Neil Rackman and his colleagues spent 10 years analyzing sales transactions. They studied 116 factors that might play some part in sales performance and they researched how people sell effectively in 27 different countries. Their study, which cost over a million dollars in systematic research, constituted the largest ever investigation into sales.

They discovered that there is a major difference in selling lower and higher value items. The reason is because larger sales generally occur over a longer timeframe which means an on-going relationship between the sales person and the client develops in a way that it wouldn’t necessarily develop in a smaller sale. There is also often more than one person involved in a high value purchasing decision and the amount of money involved means that the risk, both financial and social, is higher. All of these factors combined change the way people think and behave in larger sales.

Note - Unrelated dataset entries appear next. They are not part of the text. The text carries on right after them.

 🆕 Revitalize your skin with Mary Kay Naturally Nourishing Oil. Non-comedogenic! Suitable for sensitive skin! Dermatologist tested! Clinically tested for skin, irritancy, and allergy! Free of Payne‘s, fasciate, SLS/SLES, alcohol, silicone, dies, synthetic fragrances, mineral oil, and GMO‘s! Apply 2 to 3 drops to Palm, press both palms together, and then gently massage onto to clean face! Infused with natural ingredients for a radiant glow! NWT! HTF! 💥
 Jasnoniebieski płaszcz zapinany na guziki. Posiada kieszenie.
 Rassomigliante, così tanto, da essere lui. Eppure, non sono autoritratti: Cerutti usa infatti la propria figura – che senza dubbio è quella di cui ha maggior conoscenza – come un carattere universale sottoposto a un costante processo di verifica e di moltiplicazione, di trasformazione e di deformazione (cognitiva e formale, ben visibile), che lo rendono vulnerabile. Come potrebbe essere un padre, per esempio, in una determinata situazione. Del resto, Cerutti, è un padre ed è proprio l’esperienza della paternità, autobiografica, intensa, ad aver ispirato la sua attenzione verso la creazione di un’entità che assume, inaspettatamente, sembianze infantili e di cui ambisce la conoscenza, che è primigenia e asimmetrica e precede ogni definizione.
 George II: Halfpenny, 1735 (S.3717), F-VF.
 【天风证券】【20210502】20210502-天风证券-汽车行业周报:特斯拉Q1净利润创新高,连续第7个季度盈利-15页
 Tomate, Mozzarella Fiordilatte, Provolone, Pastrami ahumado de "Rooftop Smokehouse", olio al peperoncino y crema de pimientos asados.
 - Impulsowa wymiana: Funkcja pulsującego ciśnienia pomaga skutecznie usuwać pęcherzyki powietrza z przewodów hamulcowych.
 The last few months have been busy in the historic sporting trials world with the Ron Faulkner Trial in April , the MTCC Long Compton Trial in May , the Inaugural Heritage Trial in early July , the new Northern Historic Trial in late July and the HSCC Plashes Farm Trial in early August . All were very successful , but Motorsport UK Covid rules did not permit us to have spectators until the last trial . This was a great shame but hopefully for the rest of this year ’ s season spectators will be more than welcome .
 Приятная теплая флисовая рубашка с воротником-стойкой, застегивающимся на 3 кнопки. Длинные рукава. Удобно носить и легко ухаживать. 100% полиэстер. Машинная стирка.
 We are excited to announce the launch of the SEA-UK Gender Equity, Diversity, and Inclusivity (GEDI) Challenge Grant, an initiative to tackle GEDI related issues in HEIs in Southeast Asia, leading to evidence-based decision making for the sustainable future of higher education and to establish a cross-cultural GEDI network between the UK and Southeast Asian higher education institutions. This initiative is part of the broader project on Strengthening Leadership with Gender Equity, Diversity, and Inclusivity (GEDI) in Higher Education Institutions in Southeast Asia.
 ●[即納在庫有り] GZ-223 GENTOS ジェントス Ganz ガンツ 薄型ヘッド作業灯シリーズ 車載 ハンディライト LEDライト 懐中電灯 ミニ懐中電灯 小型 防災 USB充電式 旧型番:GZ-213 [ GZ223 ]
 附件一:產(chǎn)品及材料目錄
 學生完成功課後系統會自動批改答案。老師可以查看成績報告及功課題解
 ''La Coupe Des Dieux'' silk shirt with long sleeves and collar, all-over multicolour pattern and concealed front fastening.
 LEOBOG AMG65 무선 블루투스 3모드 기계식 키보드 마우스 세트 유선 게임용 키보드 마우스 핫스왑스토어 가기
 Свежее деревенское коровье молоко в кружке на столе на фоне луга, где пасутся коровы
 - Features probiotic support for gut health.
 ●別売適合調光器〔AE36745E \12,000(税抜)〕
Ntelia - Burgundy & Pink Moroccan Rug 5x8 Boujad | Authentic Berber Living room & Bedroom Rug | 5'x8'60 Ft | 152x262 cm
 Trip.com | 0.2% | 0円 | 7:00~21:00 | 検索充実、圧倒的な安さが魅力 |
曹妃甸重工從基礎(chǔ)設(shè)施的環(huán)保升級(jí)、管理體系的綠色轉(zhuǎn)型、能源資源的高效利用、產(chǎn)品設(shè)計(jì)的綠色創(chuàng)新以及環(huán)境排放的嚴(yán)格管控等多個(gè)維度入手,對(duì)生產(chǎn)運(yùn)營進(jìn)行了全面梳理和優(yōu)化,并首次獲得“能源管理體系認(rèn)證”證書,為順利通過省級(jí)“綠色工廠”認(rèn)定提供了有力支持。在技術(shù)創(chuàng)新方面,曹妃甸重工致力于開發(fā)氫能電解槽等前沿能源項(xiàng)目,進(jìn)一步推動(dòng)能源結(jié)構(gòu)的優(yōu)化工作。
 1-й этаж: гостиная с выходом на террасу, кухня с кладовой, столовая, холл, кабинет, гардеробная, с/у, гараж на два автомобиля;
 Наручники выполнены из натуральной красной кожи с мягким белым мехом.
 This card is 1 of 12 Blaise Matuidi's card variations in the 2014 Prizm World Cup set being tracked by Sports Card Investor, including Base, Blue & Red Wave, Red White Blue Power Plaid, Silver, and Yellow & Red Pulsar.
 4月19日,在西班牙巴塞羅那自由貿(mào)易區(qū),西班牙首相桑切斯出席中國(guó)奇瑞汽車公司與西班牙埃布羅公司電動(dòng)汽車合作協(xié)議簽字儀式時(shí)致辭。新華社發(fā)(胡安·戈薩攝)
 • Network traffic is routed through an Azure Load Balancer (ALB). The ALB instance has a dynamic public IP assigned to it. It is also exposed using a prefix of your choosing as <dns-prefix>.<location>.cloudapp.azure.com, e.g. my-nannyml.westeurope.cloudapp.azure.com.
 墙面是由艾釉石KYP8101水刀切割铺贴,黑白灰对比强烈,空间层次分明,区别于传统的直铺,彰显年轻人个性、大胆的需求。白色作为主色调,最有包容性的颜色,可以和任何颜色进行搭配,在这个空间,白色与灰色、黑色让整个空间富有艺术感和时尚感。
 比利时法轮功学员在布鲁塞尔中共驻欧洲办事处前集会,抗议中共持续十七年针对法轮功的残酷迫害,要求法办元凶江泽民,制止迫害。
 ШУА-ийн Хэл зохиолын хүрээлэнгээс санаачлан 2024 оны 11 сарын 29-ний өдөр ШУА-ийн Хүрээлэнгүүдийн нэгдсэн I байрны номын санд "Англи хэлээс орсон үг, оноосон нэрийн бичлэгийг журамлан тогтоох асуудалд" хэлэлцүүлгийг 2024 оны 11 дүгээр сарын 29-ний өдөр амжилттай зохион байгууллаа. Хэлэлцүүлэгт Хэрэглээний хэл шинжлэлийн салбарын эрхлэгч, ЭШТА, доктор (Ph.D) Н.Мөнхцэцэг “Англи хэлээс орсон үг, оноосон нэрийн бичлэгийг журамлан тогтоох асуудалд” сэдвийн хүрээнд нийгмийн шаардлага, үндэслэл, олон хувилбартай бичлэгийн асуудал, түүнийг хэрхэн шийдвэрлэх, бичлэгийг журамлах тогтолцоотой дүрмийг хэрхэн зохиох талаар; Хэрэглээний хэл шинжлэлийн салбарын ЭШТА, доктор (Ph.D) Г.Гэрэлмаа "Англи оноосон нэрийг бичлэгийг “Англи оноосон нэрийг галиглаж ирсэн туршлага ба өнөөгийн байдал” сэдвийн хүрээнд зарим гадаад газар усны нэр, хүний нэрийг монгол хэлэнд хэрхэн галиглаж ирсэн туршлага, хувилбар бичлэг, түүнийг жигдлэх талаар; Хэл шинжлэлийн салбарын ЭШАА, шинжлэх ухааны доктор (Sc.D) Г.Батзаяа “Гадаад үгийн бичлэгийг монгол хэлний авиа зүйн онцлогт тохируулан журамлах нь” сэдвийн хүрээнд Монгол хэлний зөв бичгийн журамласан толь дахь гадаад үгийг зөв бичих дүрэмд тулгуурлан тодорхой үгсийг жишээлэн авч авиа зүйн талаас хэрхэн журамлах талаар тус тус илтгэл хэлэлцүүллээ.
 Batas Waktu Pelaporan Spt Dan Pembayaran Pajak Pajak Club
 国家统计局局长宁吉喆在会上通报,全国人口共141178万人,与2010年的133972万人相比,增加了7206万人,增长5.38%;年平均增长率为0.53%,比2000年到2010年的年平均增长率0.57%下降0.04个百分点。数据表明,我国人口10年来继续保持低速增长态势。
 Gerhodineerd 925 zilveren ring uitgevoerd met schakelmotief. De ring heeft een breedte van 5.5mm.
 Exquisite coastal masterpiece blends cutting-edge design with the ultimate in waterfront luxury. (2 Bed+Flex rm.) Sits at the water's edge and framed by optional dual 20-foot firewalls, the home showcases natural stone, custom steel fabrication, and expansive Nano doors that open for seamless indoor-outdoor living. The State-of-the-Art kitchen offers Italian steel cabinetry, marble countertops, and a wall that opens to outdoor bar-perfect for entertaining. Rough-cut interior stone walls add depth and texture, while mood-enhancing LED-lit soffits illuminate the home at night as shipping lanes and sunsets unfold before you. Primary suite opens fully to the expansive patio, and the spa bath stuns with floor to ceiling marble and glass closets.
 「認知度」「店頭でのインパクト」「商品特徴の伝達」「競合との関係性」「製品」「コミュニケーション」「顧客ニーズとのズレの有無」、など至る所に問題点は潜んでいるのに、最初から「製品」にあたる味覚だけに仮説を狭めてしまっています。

At first everyone is 100% satisfied with a product. Over time this starts to deteriorate.The first signs of dissatisfaction start to appear. Needs grow from minor imperfections. They evolve into clear problems, difficulties, or dissatisfactions. Finally they flourish into wants, desires and finally and intention to act. The more implied needs that you can uncover the better your chances of making a sale.

The best way to uncover implied needs is to ask questions. There are four categories of questions that you can ask and you only really need two.

Situation questions gather information about the customers current situation. They bore clients and they are intrusive. The understanding is that the fewer situation questions you ask the more successful the sale will be.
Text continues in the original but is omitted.